| And speaking of frying, where would we be without the most basic kitchen essential, the cast iron skillet. It’s the most versatile of cooking implements and has been prized for hundreds of years by settlers, Native Americans and cooks all over the South.
This particular one has been in my family for well over 120 years. It was a wedding gift to my great-grandmother in 1888 and was given to me as a wedding gift by a great-aunt in 1989. I use it almost daily and without a doubt is my most prized possession.
It has been wielded by the sure hands of many of my forebears to delicious effect.
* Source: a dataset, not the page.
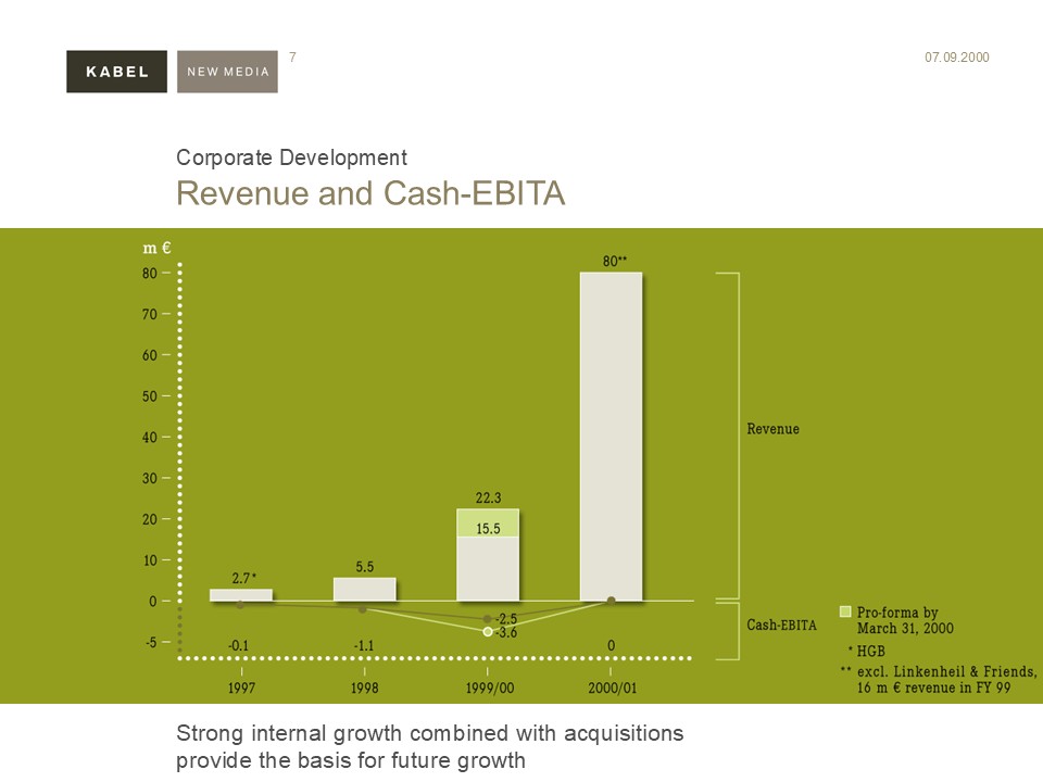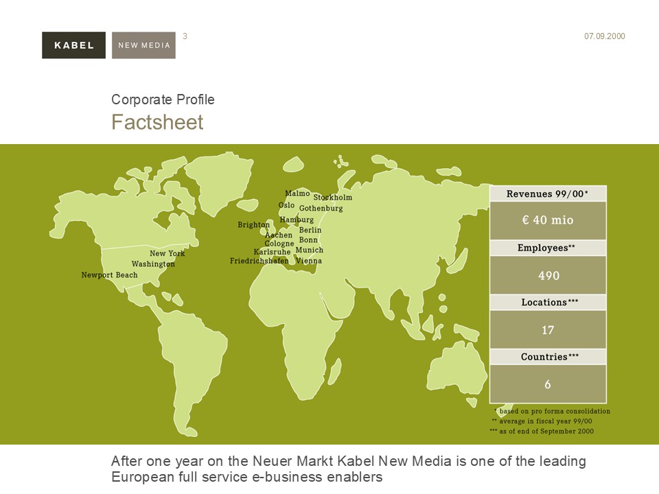 “Kabel New Media provides consulting services for leading companies in the field of electronic marketing and e-commerce and offers its clients an all-round support package. In the first quarter of this year Kabel New Media turned over DM 3 million, making a loss of approx. DM 0.09 per share. On this Thursday’s showing Kabel New Media was among the day’s tops on the ´Neuer Markt´ sector of the Frankfurt stock exchange, gaining more than 50 %. Interstoxx talked to the company’s CFO, Fritz Mathys, Interstoxx, 1999, June 25th

And it is treated with the reverence of a delicate piece of china. Woe be to anyone that uses soap on my well seasoned skillet! Oh, a gift or purchase of a new skillet is a good thing to be sure, but the inheritance of a well loved and well used cast iron skillet is to receiving the blessing of all the cooks that have used it before. It carries a magic all of its own. For there is literally nothing that cannot be cooked in a crusty bottomed, well seasoned cast iron skillet.
Our early ancestors valued them as well. The Indians traded for them, the early settlers and farmers used them to cook up the bounty of their land and when that bounty was scarce, when flour and lard were the only things left in the pantry, then the skillet was still the basis of a dinner of biscuits cooked in it. And they were good!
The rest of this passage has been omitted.